Which lines run from the one containing "Таким образом, чем" through the end of the data? Write them out exactly, with the pictures left out.
======== Records to use ========
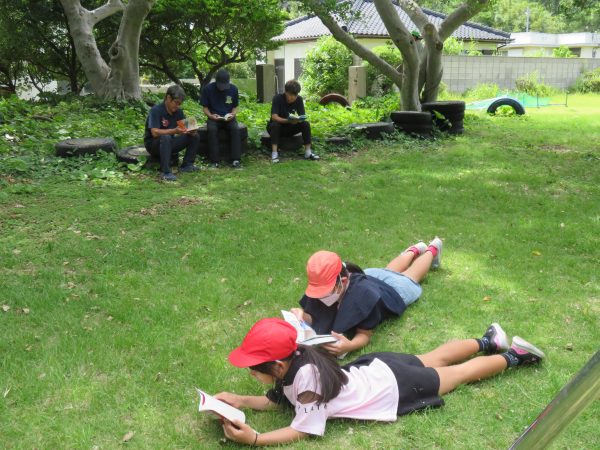 1日目の今日は、5時間目に緑陰読書を行いました。
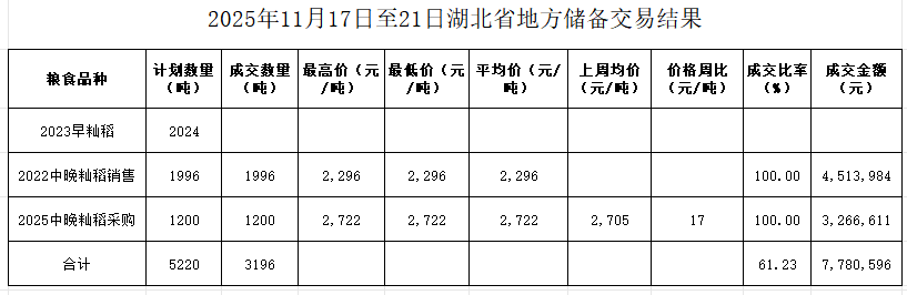本周湖北地储成交各类粮油3196吨。其中销售:2022年中晚籼稻1996吨,成交率100%,成交均价2296元/吨。采购:2025年中晚籼稻1200吨,成交率100%,成交均价2722元/吨,环比上涨17元/吨。
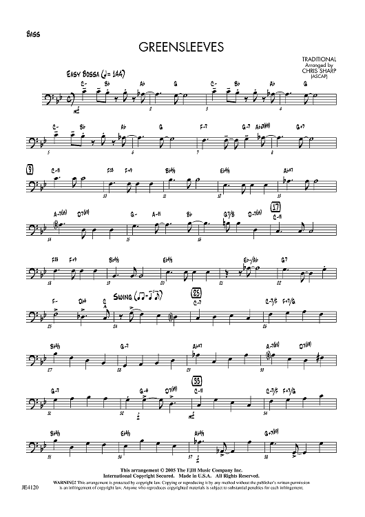 Digital Sheet Music for Greensleeves - Bass by Traditional, Chris Sharp scored for Jazz Ensemble; id:456034
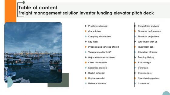 Welcome to our selection of the Table Of Content Freight Management Solution Investor Funding Elevator Pitch Deck. These are designed to help you showcase your creativity and bring your sphere to life. Planning and Innovation are essential for any business that is just starting out. This collection contains the designs that you need for your everyday presentations. All of our PowerPoints are 100 percent editable, so you can customize them to suit your needs. This multi-purpose template can be used in various situations. Grab these presentation templates today. Our Table Of Content Freight Management Solution Investor Funding Elevator Pitch Deck are topically designed to provide an attractive backdrop to any subject. Use them to look like a presentation pro.
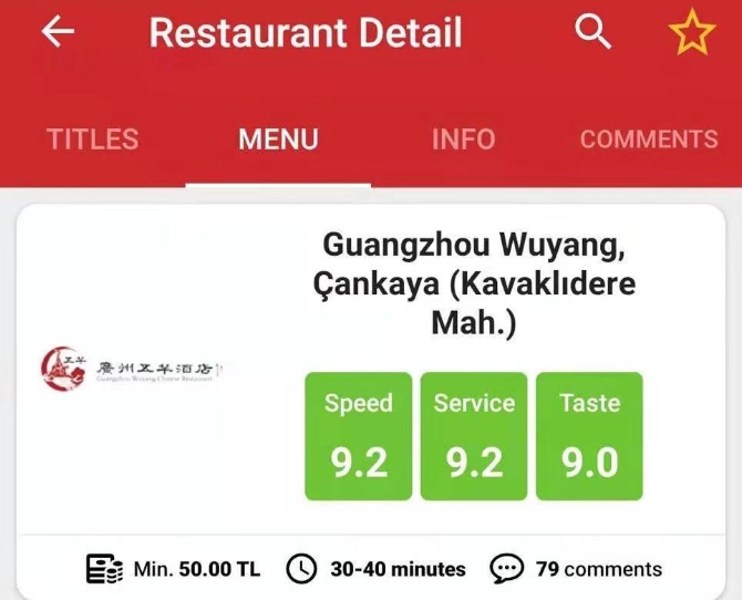 不能堂食,便在外卖上想办法!餐厅在土耳其几大外卖平台完成注册,不仅坚持菜品价格不变,还在顾客下单时配送免费小零食。在土耳其一个主要外卖平台上,广州五羊餐厅得到9.2分(满分10分)的顾客评分。
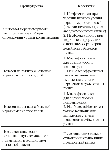 Таким образом, чем ниже волатильность цены на товар, предельные издержки самой крупной фирмы и количество фирм-конкурентов, присутствующих на рынке, тем выше уровень рыночной концентрации. Вместе с тем уровень рыночной концентрации также тем выше, чем больше размер (ранг, активы) самой крупной фирмы на рынке, чем большую рыночную долю она имеет в реализации конкретного товара на релевантном рынке, чем большее превышение размера рыночный цена на этот товар над предельными издержками самой крупной фирмы и чем выше предельное изменение спроса на этот товар на этом рынке.
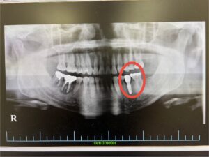 破折歯を抜歯後、抜歯窩が完全に治癒するまで十分な期間を置き、その後インプラントを埋入しました。
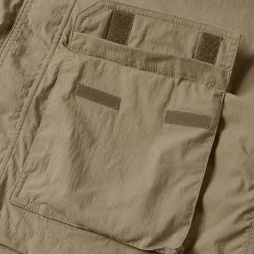 経糸にスパンナイロン糸、緯糸にフィラメントを使用したリップストップ生地は、光沢を抑えたマットな生地感が特徴で、天然素材のようなナチュラルな風合い。
========
Output of the task:
 Таким образом, чем ниже волатильность цены на товар, предельные издержки самой крупной фирмы и количество фирм-конкурентов, присутствующих на рынке, тем выше уровень рыночной концентрации. Вместе с тем уровень рыночной концентрации также тем выше, чем больше размер (ранг, активы) самой крупной фирмы на рынке, чем большую рыночную долю она имеет в реализации конкретного товара на релевантном рынке, чем большее превышение размера рыночный цена на этот товар над предельными издержками самой крупной фирмы и чем выше предельное изменение спроса на этот товар на этом рынке.
 破折歯を抜歯後、抜歯窩が完全に治癒するまで十分な期間を置き、その後インプラントを埋入しました。
 経糸にスパンナイロン糸、緯糸にフィラメントを使用したリップストップ生地は、光沢を抑えたマットな生地感が特徴で、天然素材のようなナチュラルな風合い。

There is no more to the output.